Сам этот провал — одновременно реальный и воображаемый — требует внимательного рассмотрения. Почти по всем признакам между бактериями и эукариотическими клетками наблюдается хоть какое-то перекрывание. Существует некоторое число крупных бактерий и немало крошечных эукариот, так что диапазоны размеров тех и других вполне перекрываются. У бактерий имеется не только клеточная стенка, но и внутренний клеточный скелет из волокон, очень похожих на волокна, образующие клеточный скелет у эукариот. Причем бактериальному скелету, похоже, свойственна даже определенная подвижность. Существуют бактерии и с линейными (не замкнутыми в кольцо) хромосомами, и с напоминающими ядро структурами, и с внутриклеточными мембранами. У некоторых бактерий нет даже клеточной стенки, по крайней мере на одном из этапов жизненного цикла. Некоторые образуют сложные колонии, и их, при желании, можно назвать многоклеточными организмами. Известны один или два случая, когда внутри клеток одних бактерий живут другие, еще меньшего размера, хотя ни у одной бактерии до сих пор не отмечена способность проглатывать другие клетки путем фагоцитоза. У меня складывается ощущение, что бактерии сделали первые шаги в направлениях почти всех эукариотических признаков, но затем остановились, по той или иной причине не сумев продолжить эти эксперименты.

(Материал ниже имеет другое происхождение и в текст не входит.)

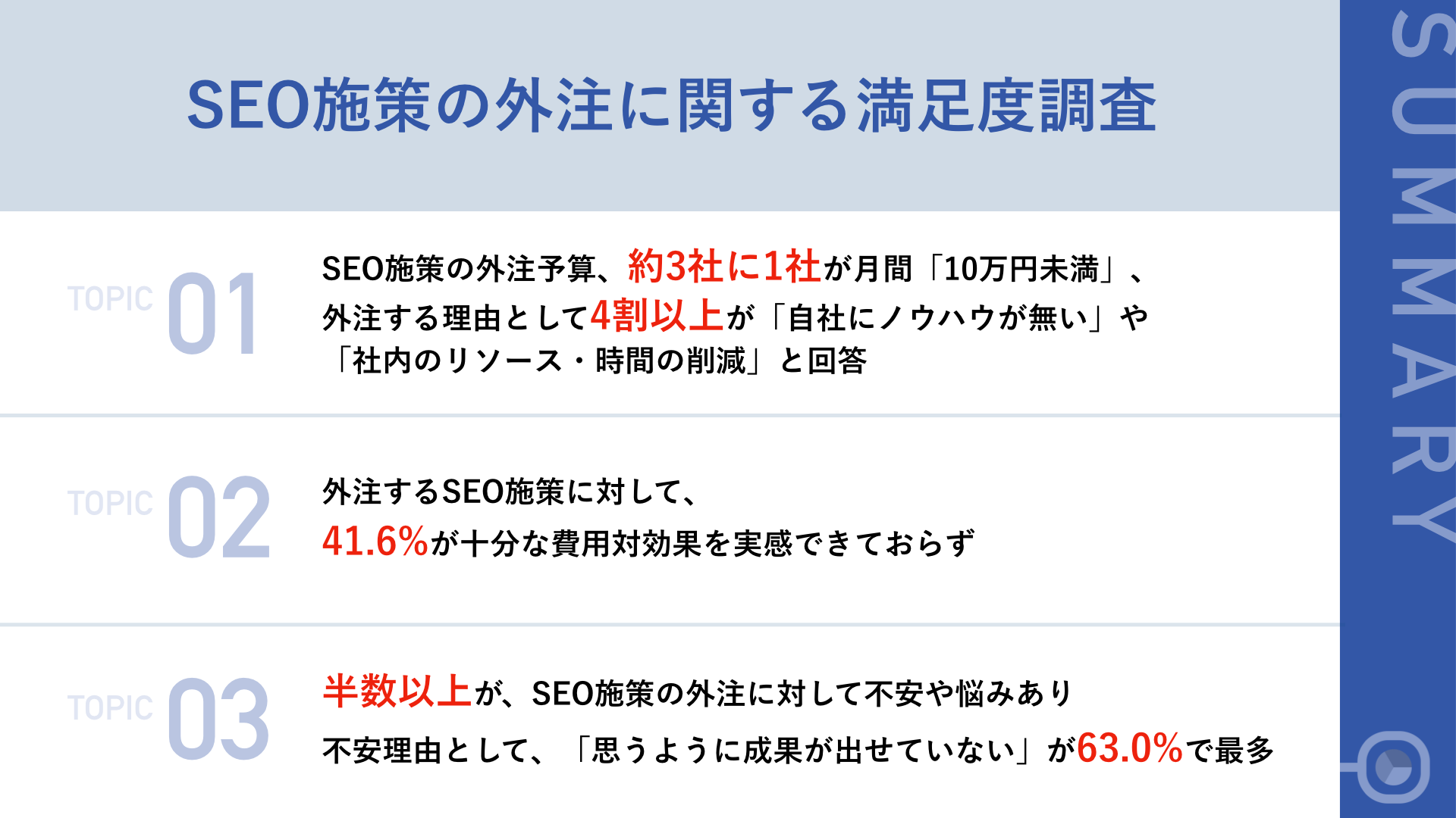企業のSEO施策において専門性が高いために、外注は必要コストであると考えられている一方で、専門性が高いがゆえに外注の費用対効果が明確ではない悩みを多くの経営者が抱えていることが分かりました。具体的な悩みとして、思うように成果が出ていないことはもちろん、なぜ成果が出ないのかが分からないという「施策内容のブラックボックス化」が多い結果となりました。ただ外注先を変えることや外注費用を見直すよりも、まずは今の施策に対する不足点・改善点を見出すために、サードパーティーへ自社サイトの分析を依頼することが有効なのではないでしょうか。

Может показаться, и не без оснований, что перекрывание означает непрерывный переход, а значит, и объяснять тут нечего. Если от простых бактерий до всего спектра сложных эукариот существует непрерывный мост, ни о какой пропасти между теми и другими говорить не приходится. Что-то в этом есть. Но, думаю, это все же неверный вывод, потому что хотя некоторое перекрывание и в самом деле наблюдается, в действительности оно касается двух отдельных спектров — усеченного у бактерий (от «крайней простоты» до «ограниченной сложности») и гораздо более протяженного у эукариот (от «ограниченной сложности» до «умопомрачительной сложности»). Да, перекрывание есть, но бактериям не удалось особенно продвинуться по эукариотической части этого непрерывного ряда.

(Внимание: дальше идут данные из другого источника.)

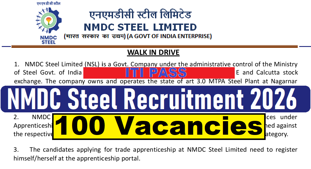 NMDC Steel Apprentice Recruitment 2026 : NMDC Steel Limited (NSL) की ओर से 100 Posts पर Walk-In-Interview निकली है जिसका Interview Date 12,13,14 & 15 January 2026 , सुबह 09:00 बजे है|ITI pass in various candidates Offline Walk-In-Interview में शामिल हो सकते हैI आपकी Walk-In-Interview Location -HRD Centre , NMDC Steel Limited, Studio Apartment Chokawada, District -Baster, Chhatisgarh-494001 रहने वाला हैI NMDC Steel Walk-In-Interview 2026 Full Notification निचे दिया गया है |
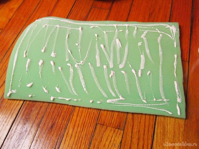 Если у вас есть кусок поролона, приклейте его на дно домика до того, как приклеите сам домик к фундаменту.

Об огромной разнице между прокариотами и эукариотами недвусмысленно свидетельствует история. В течение первых трех миллиардов лет жизни на Земле или около того (с четырех миллиардов до одного миллиарда лет назад) главную роль в ней играли бактерии. Они совершенно изменили мир, в котором жили, хотя сами при этом почти не изменились. Вызванные ими изменения среды были столь грандиозны, что даже нам, людям, сложно осознать их масштабы. Так, например, весь кислород в земной атмосфере происходит из фотосинтеза, который сначала осуществляли исключительно цианобактерии. Свершившаяся около 2,2 миллиарда лет назад «кислородная революция», в результате которой атмосфера и освещенные солнцем поверхностные воды океана оказались насыщены кислородом, навсегда преобразила облик планеты, но на бактерий эта перемена не произвела особого впечатления. Она вызвала у них лишь сдвиги в экологии в сторону кислородолюбивых форм. Одни разновидности бактерий получили преимущество перед другими, но при этом они остались во всех отношениях бактериями. То же самое относится к другим монументальным переменам условий среды. Из-за деятельности бактерий океанские глубины несколько миллиардов лет были насыщены сероводородом, но бактерии оставались бактериями. Из-за деятельности бактерий окислился атмосферный метан, вызвав глобальное оледенение — первый период «Земли-снежка», но они по-прежнему оставались бактериями. Еще одним изменением — может быть, самым существенным из всех — было развитие сложных многоклеточных эукариот, продолжающееся последние шестьсот миллионов лет. Эукариоты позволили бактериям освоить новые способы существования, например дали им возможность вызывать инфекционные заболевания, но все-таки бактерии — это по-прежнему бактерии. Нет ничего консервативнее, чем бактерия.
Настоящая история началась с эукариот. Лишь с их появлением жизнь стала по-настоящему сложной и перестала быть бесконечной чередой одного и того же. В некоторых случаях события происходили чертовски быстро. Так называемый кембрийский взрыв, например, — дело рук эукариот. В тот момент (геологический момент, занявший, может быть, пару миллионов лет) впервые в палеонтологической летописи внезапно материализовались крупные животные. Они отнюдь не отличались морфологической скромностью, составляя вовсе не какой-то ряд безликих червей, а поразительную процессию удивительных планов строения, иным из которых предстояло исчезнуть почти так же быстро, как они появились. Все это выглядело так, будто некий безумный творец вдруг пробудился ото сна и немедленно приступил к делу, пытаясь разом отработать миллиарды упущенных лет.